* **Problem to work on**
Leaving out the images, transcribe every record below exactly.

┌──

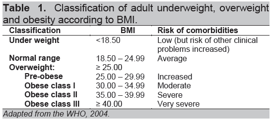 Table 1. Classification of adult underweight, overweight and obesity according to BMI.
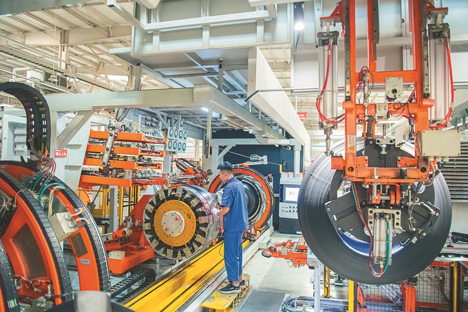 10月9日是国庆假期后的第一个工作日,宿迁市宿豫区企业产销两旺。图为江苏三元轮胎有限公司智能化生产车间里,工人在生产线上赶制出口订单。 徐江海 摄 (视觉江苏网供图)
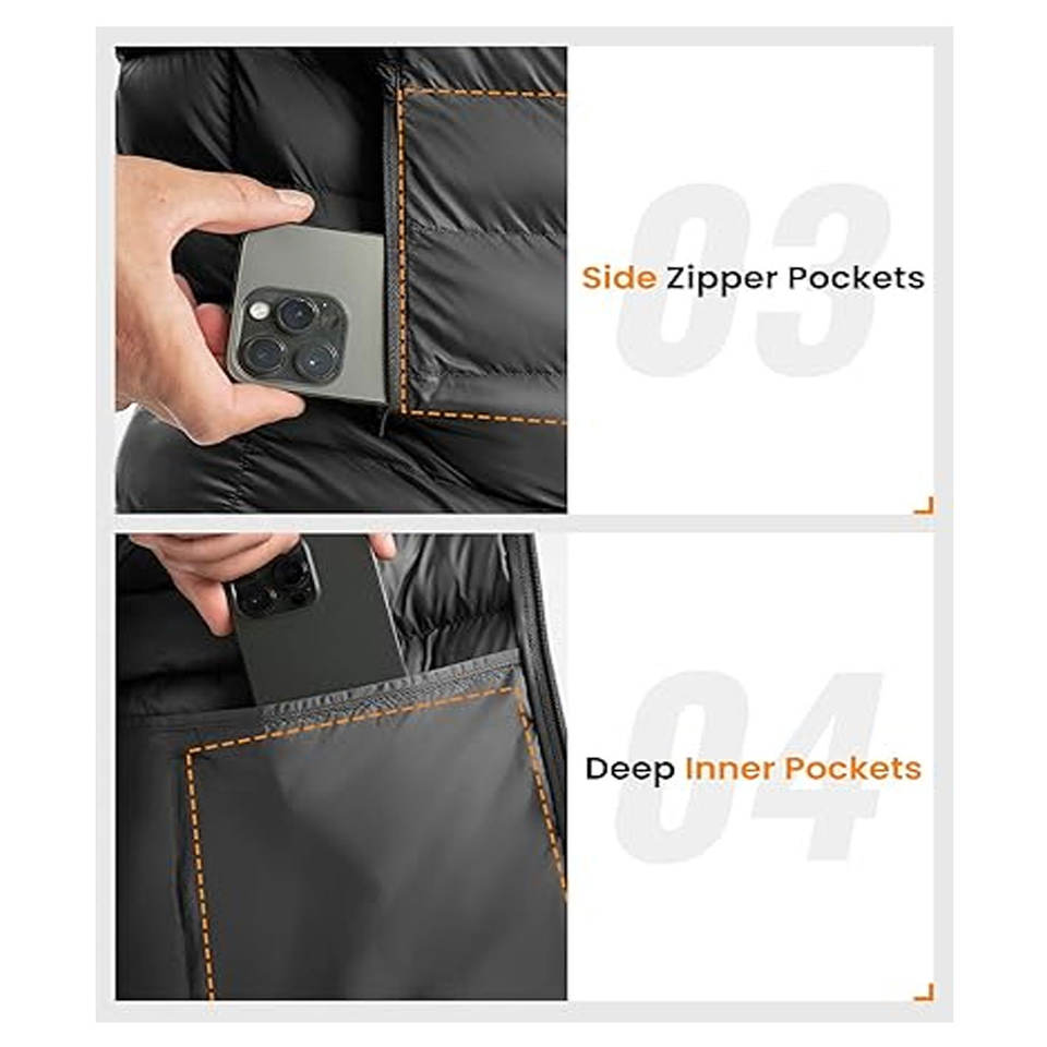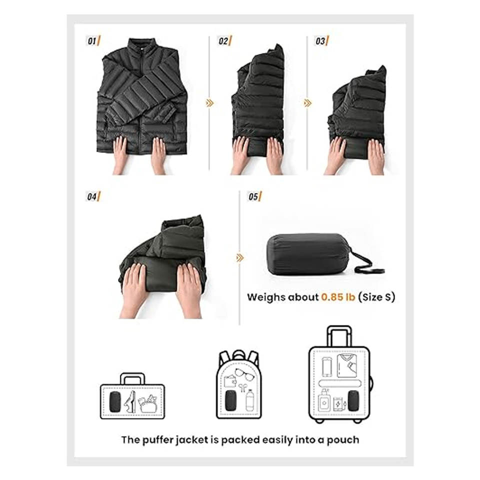 เสื้อแจ็คเก็ตพัฟเฟอร์บุรุษ น้ำหนักเบา พับเก็บได้ กันน้ำ อุ่นสบาย เหมาะสำหรับฤดูหนาว เดินทาง เล่นสกี ลำลอง และกิจกรรมกลางแจ้ง
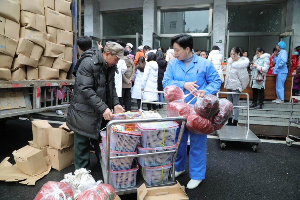 卸货物资多,时间紧,任务重!组织科科长谢芳立即在支部书记群、主任群、工会小组群招募志愿者来帮忙卸货,很快得到支部书记、主任们快速回应,一些支部书记来了、支委来了、党员来了、职工来了、学生来了……大家迅速投入到紧张有序的卸货工作中,原本需要5个小时才能卸完的货,在大家齐心协力帮助下,不到两小时就全部卸货完毕。与此同时,在微信群里,院领导、科主任、支部书记则纷纷下单:4箱、6箱、10箱、50箱、100箱、130箱……很快,1500箱椪柑就认购售罄。
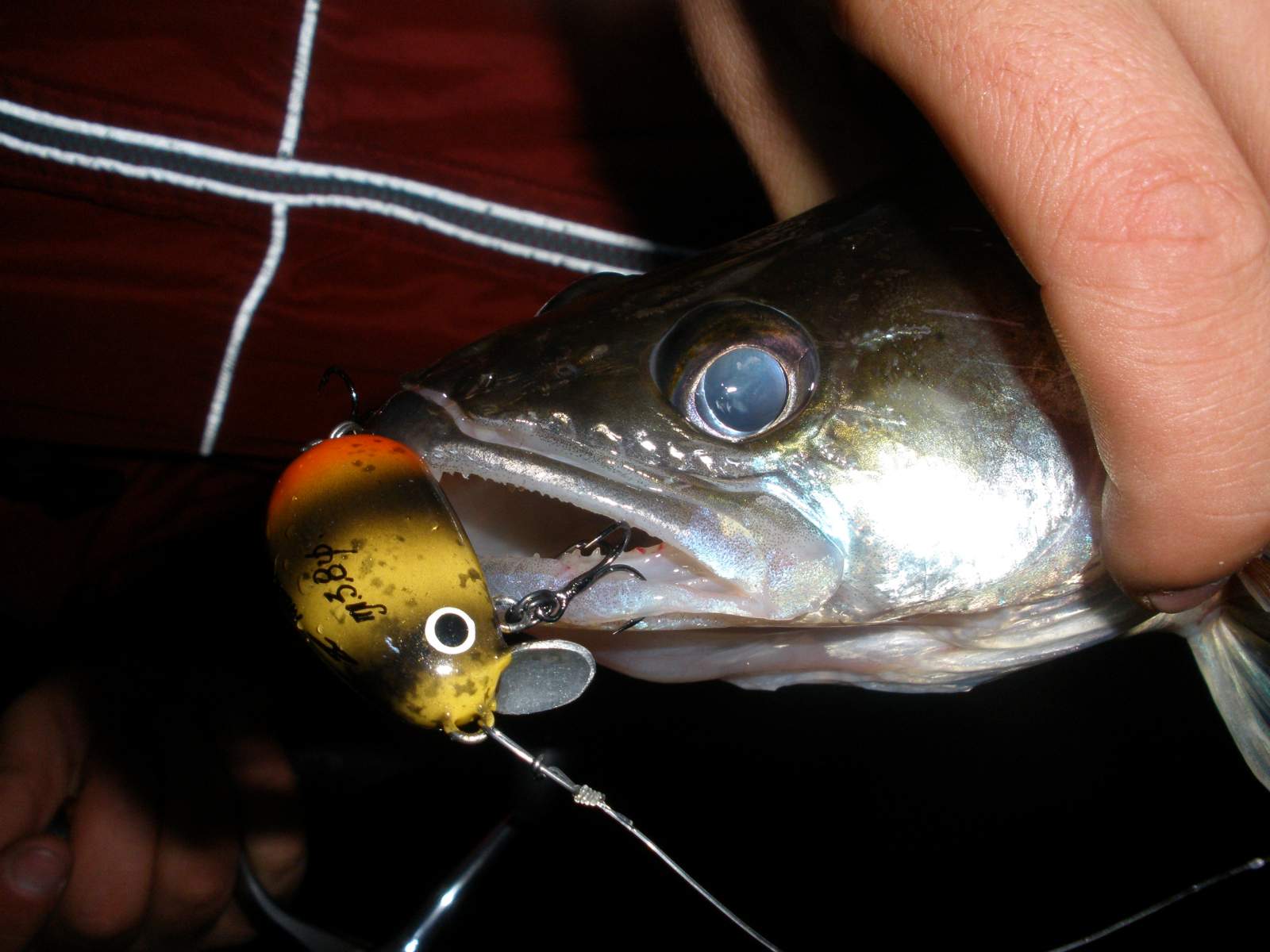 2. У судака, взявшего на воблер (уже по темноте) в желудке был просто огромный бычок. Не понимаю, что заставляет рыбу выходить под поверхность и атаковать приманку на полный желудок? Может то, что и меня заставляет ловить его? -Интерес?
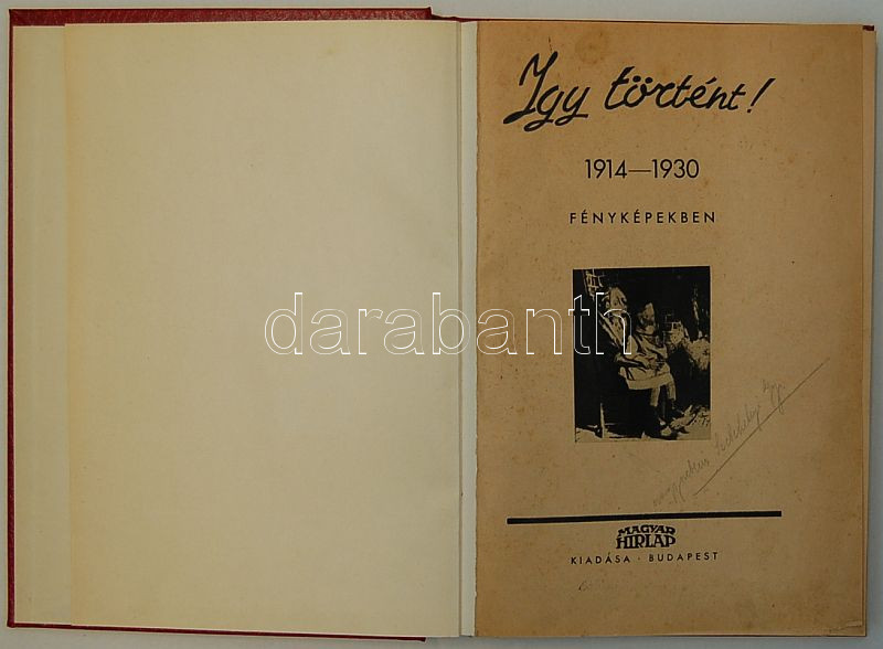 Így történt! 1914-1930 fényképekben. Magyar Hírlap kiadás 1931 újraköt... https://www.darabanth.com/de/58-Fernauktion/58.0/Andere-Sammelgebiete/~151/Igy-tortent-1914-1930-fenykepekben-Magyar-Hirlap-kiadas-1931-ujrakotve~II111663
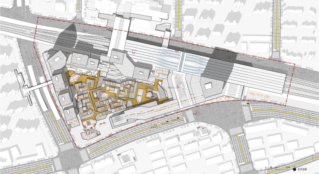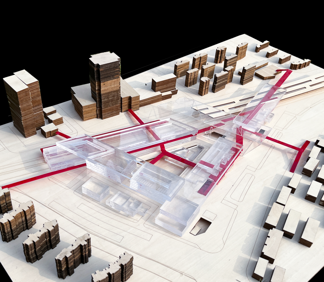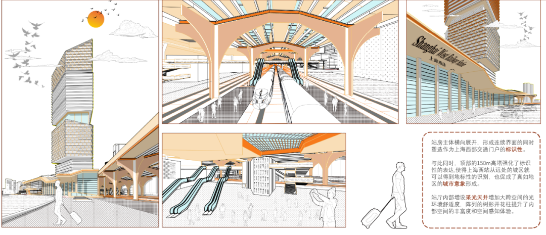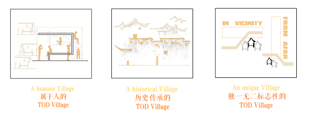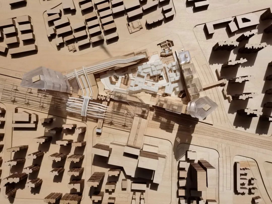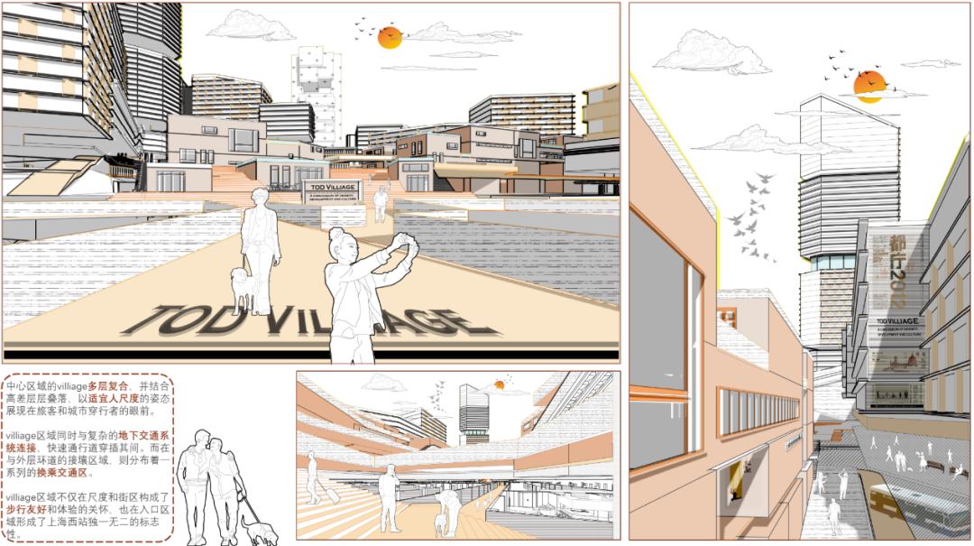 杨健文 丁瑜设计说明:TOD开发模式在带来巨大城市化动力和经济效益的同时也带来了超大尺度对于文脉与城市肌理的割裂。同时,这样经济导向性极其明确的状态下很容易造成同质化TOD开发的典型问题。在此次设计当中,我们在考虑多方主体(旅客,通勤者,社区居民)的情况之下,汲取TOD开发模式的核心要素和交通组织方式,并针对TOD开发模式自身的固有弊病,结合真如本地的文脉肌理,希望能够打造一方独属于真如区域的地标性TOD。我们希望将高强度开发的土地利用下快节奏的换乘系统与尺度宜人,慢节奏的城市公共活动空间相结合,同时形式上给予真如本地城市肌理的形式与尺度最大化的尊重,得到一个城市不同人群能够共享的,充满活力的TOD Village。概念意象:
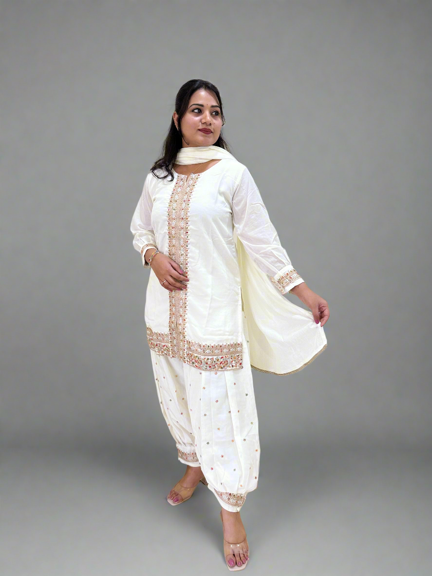 This elegant 3-piece ethnic outfit is crafted from premium vichitra silk, offering a luxurious feel and smooth finish ideal for festive occasions and traditional events. The set includes a stitched top and bottom in sizes L and XL, paired with a complementing dupatta featuring subtle embroidered detailing. Designed for graceful draping and effortless styling, this ethnic ensemble is perfect for festive celebrations, weddings, and family gatherings.

└──

* **Answer to this task**
 Table 1. Classification of adult underweight, overweight and obesity according to BMI.
 10月9日是国庆假期后的第一个工作日,宿迁市宿豫区企业产销两旺。图为江苏三元轮胎有限公司智能化生产车间里,工人在生产线上赶制出口订单。 徐江海 摄 (视觉江苏网供图)
 เสื้อแจ็คเก็ตพัฟเฟอร์บุรุษ น้ำหนักเบา พับเก็บได้ กันน้ำ อุ่นสบาย เหมาะสำหรับฤดูหนาว เดินทาง เล่นสกี ลำลอง และกิจกรรมกลางแจ้ง
 卸货物资多,时间紧,任务重!组织科科长谢芳立即在支部书记群、主任群、工会小组群招募志愿者来帮忙卸货,很快得到支部书记、主任们快速回应,一些支部书记来了、支委来了、党员来了、职工来了、学生来了……大家迅速投入到紧张有序的卸货工作中,原本需要5个小时才能卸完的货,在大家齐心协力帮助下,不到两小时就全部卸货完毕。与此同时,在微信群里,院领导、科主任、支部书记则纷纷下单:4箱、6箱、10箱、50箱、100箱、130箱……很快,1500箱椪柑就认购售罄。
 2. У судака, взявшего на воблер (уже по темноте) в желудке был просто огромный бычок. Не понимаю, что заставляет рыбу выходить под поверхность и атаковать приманку на полный желудок? Может то, что и меня заставляет ловить его? -Интерес?
 Így történt! 1914-1930 fényképekben. Magyar Hírlap kiadás 1931 újraköt... https://www.darabanth.com/de/58-Fernauktion/58.0/Andere-Sammelgebiete/~151/Igy-tortent-1914-1930-fenykepekben-Magyar-Hirlap-kiadas-1931-ujrakotve~II111663
 杨健文 丁瑜设计说明:TOD开发模式在带来巨大城市化动力和经济效益的同时也带来了超大尺度对于文脉与城市肌理的割裂。同时,这样经济导向性极其明确的状态下很容易造成同质化TOD开发的典型问题。在此次设计当中,我们在考虑多方主体(旅客,通勤者,社区居民)的情况之下,汲取TOD开发模式的核心要素和交通组织方式,并针对TOD开发模式自身的固有弊病,结合真如本地的文脉肌理,希望能够打造一方独属于真如区域的地标性TOD。我们希望将高强度开发的土地利用下快节奏的换乘系统与尺度宜人,慢节奏的城市公共活动空间相结合,同时形式上给予真如本地城市肌理的形式与尺度最大化的尊重,得到一个城市不同人群能够共享的,充满活力的TOD Village。概念意象:
 This elegant 3-piece ethnic outfit is crafted from premium vichitra silk, offering a luxurious feel and smooth finish ideal for festive occasions and traditional events. The set includes a stitched top and bottom in sizes L and XL, paired with a complementing dupatta featuring subtle embroidered detailing. Designed for graceful draping and effortless styling, this ethnic ensemble is perfect for festive celebrations, weddings, and family gatherings.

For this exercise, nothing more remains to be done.